0day: And Hitlist Week 01102024 Work

The term "hitlist" in the phrase "0day and hitlist week 01102024 work" refers to a curated list of targets—not just IP addresses, but specific assets considered vulnerable to the 0days listed above. According to threat intelligence feeds (e.g., Mandiant, CrowdStrike), the hitlist for this week contained three tiers:

While 0-day exploits and hitlists are potent tools in the hands of attackers, there are several strategies that can be employed to mitigate these threats:

As you move past the first week of October, do not archive this intelligence. The 0day and hitlist work of week 01102024 is not finished. 0day and hitlist week 01102024 work

The work continues. The 0days will fade, but the hitlist methodology—prioritized, targeted, and efficient—is here to stay.


Stay vigilant. Patch responsibly. Hunt the hitlist. The term "hitlist" in the phrase "0day and

About the author: This article was compiled from open-source intelligence (OSINT) and internal SOC reporting for the week ending October 6, 2024. For real-time updates on 0day vulnerabilities and active hitlists, subscribe to our daily bulletin.

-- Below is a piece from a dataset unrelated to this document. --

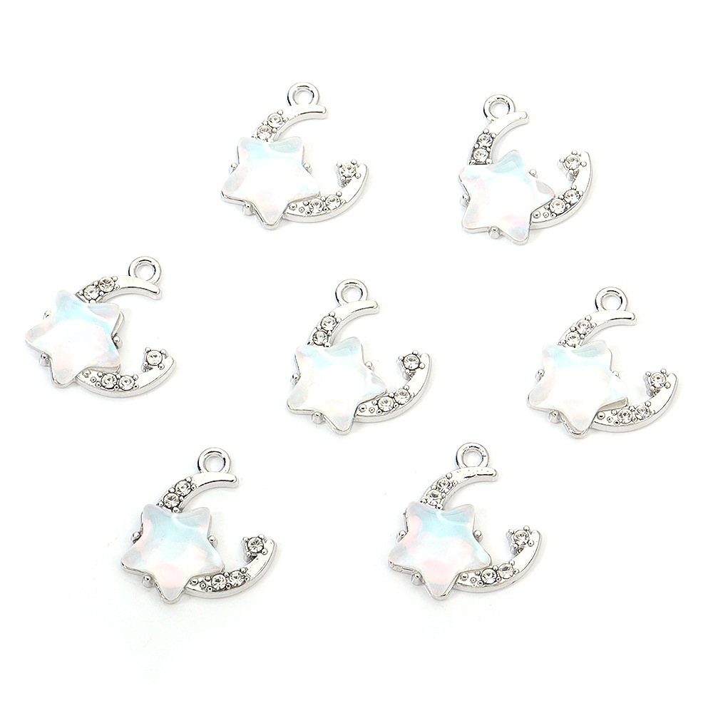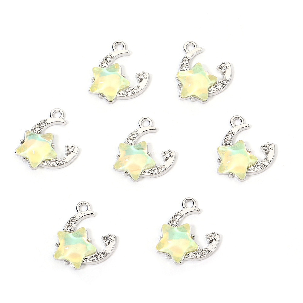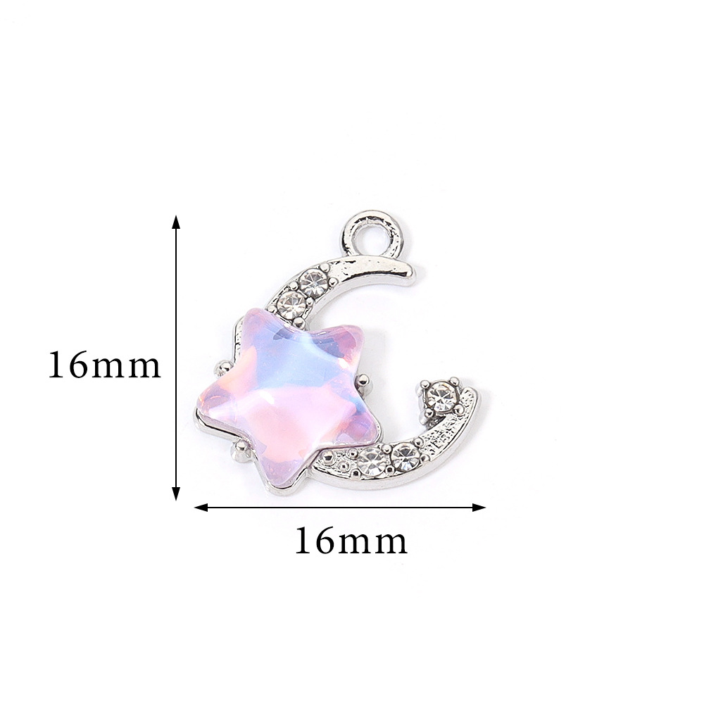 Resin Zinc Alloy Pendants, with Resin, Moon, silver color plated, DIY & with rhinestone, more colors for choice, 16x16mm, Sold By PC
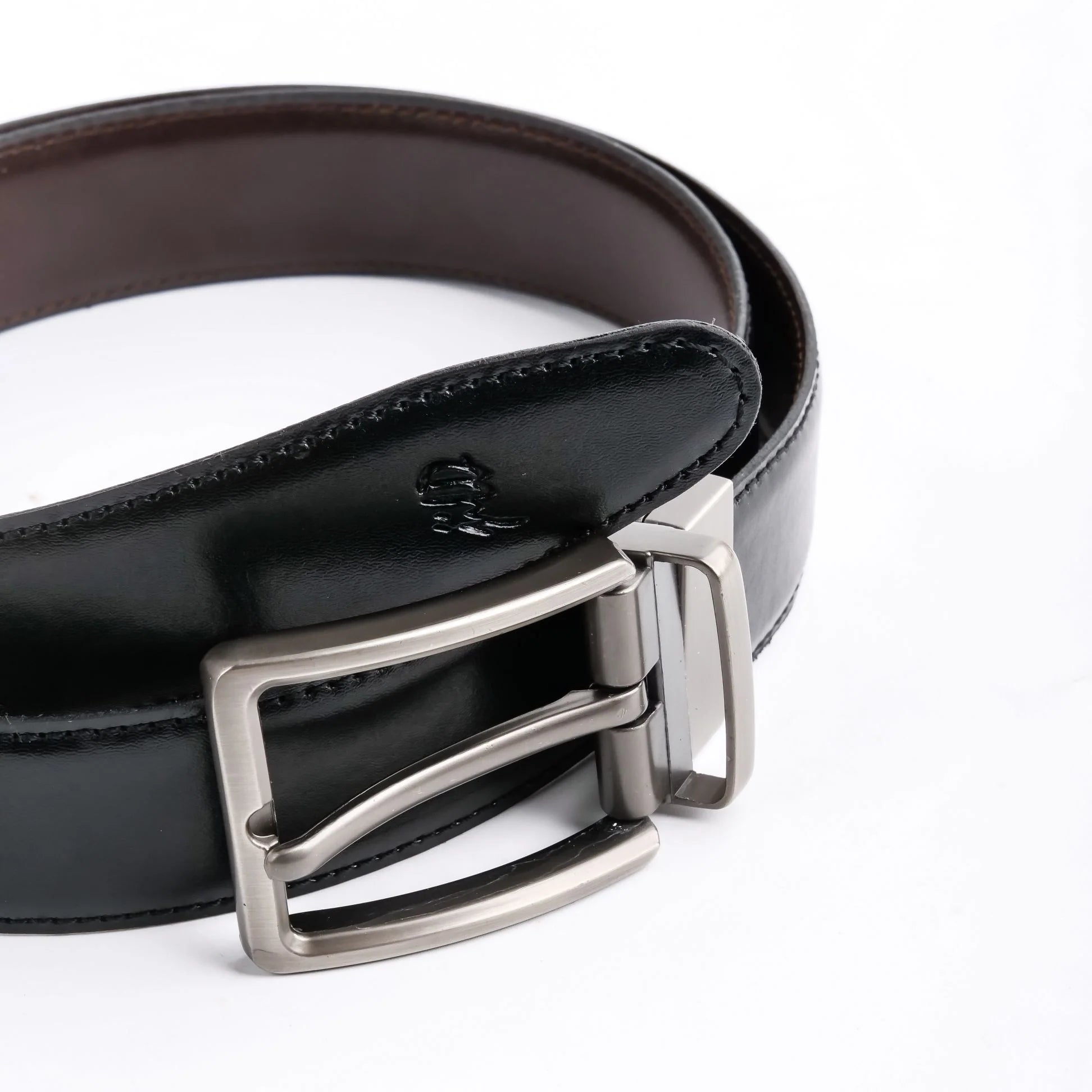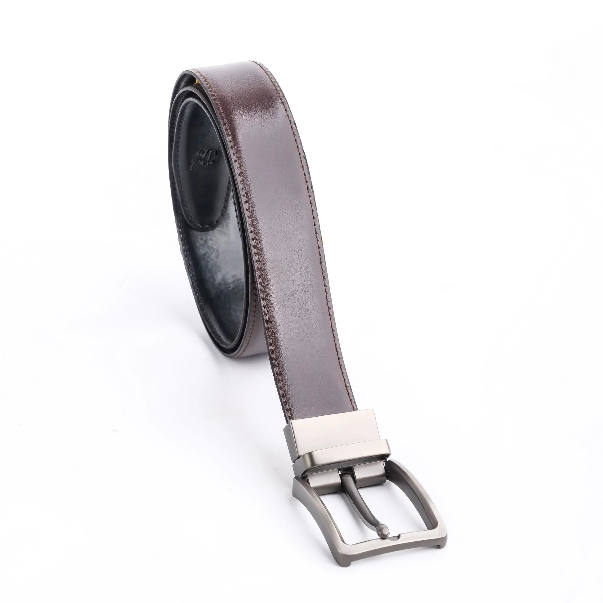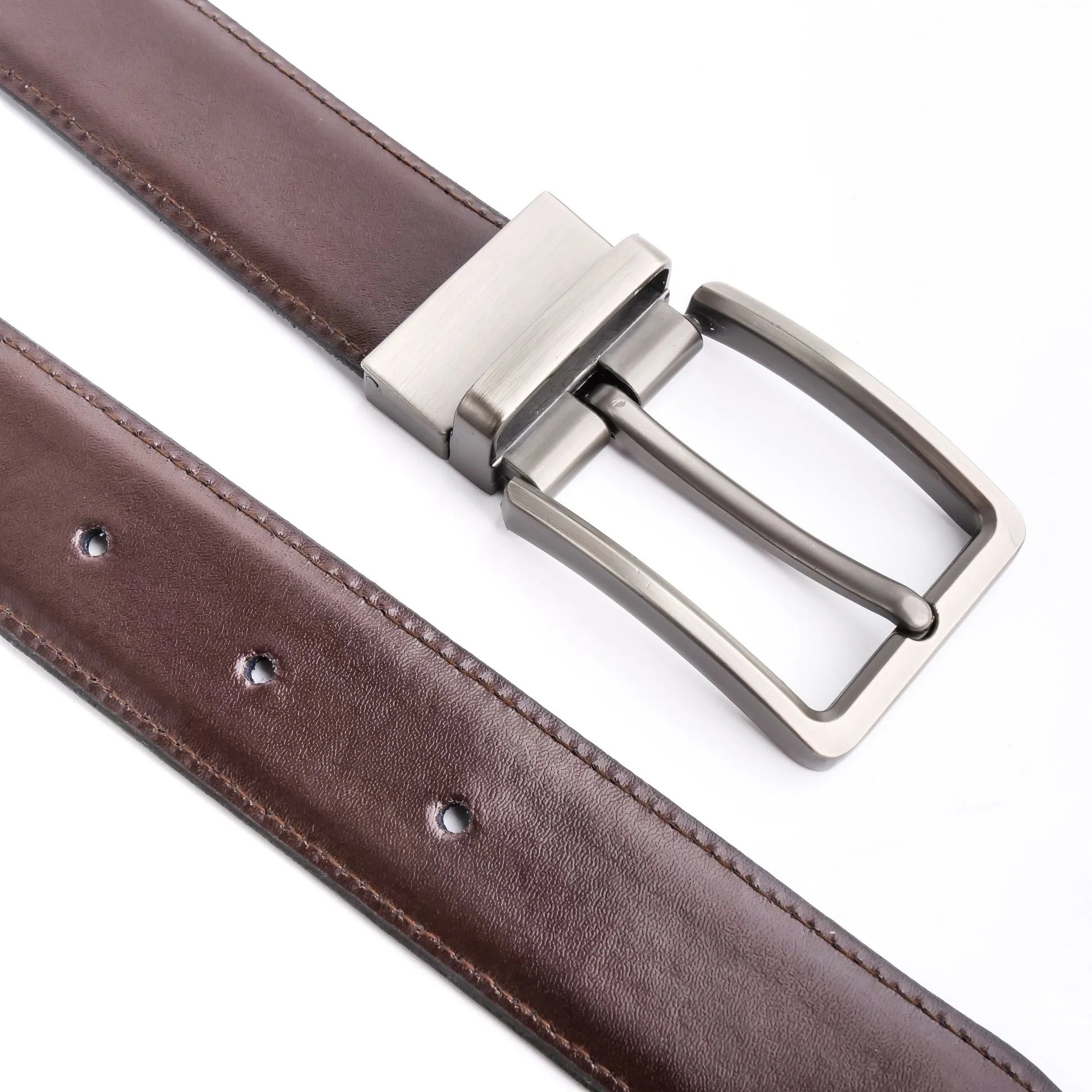 Double-Sided Reversible Men’s Leather Belt – Black & Dark Brown

The following is a detailed write-up regarding the 0day vulnerabilities and security hitlists relevant to the week of January 1, 2024 through January 7, 2024 (Week 01, 2024). The work continues

This period is historically significant in cybersecurity as it coincides with the Pwn2Own Vancouver 2024 "Call for Targets" and the publication of the Q1 2024 Hitlists by major security research entities. It also marks the first active exploitation periods for vulnerabilities disclosed in late December 2023.


A surprising entry. The hitlist included /api/v1/repos/search?uid= endpoints. Attackers scanned for exposed Gitea instances vulnerable to a 2023 race condition, combined with the Chromium 0day to steal API keys for software supply chain attacks.

0-day exploits refer to attacks that take advantage of a previously unknown vulnerability in a computer application, network, or hardware. The term "0-day" signifies that the exploit occurs on the same day a weakness is discovered, or even before a fix is available. This kind of exploit can be particularly devastating because the targeted software or hardware vendor may not have had any time (i.e., zero days) to develop and distribute a patch.

The speed from private disclosure to mass exploitation is now under 48 hours. The "work" cannot rely on vendors to release patches. Instead, organizations need behavioral baselines. The CLFS exploit, for example, triggered unusual PsSetCreateProcessNotifyRoutine calls. If you had EDR watching for that, you didn't need a signature.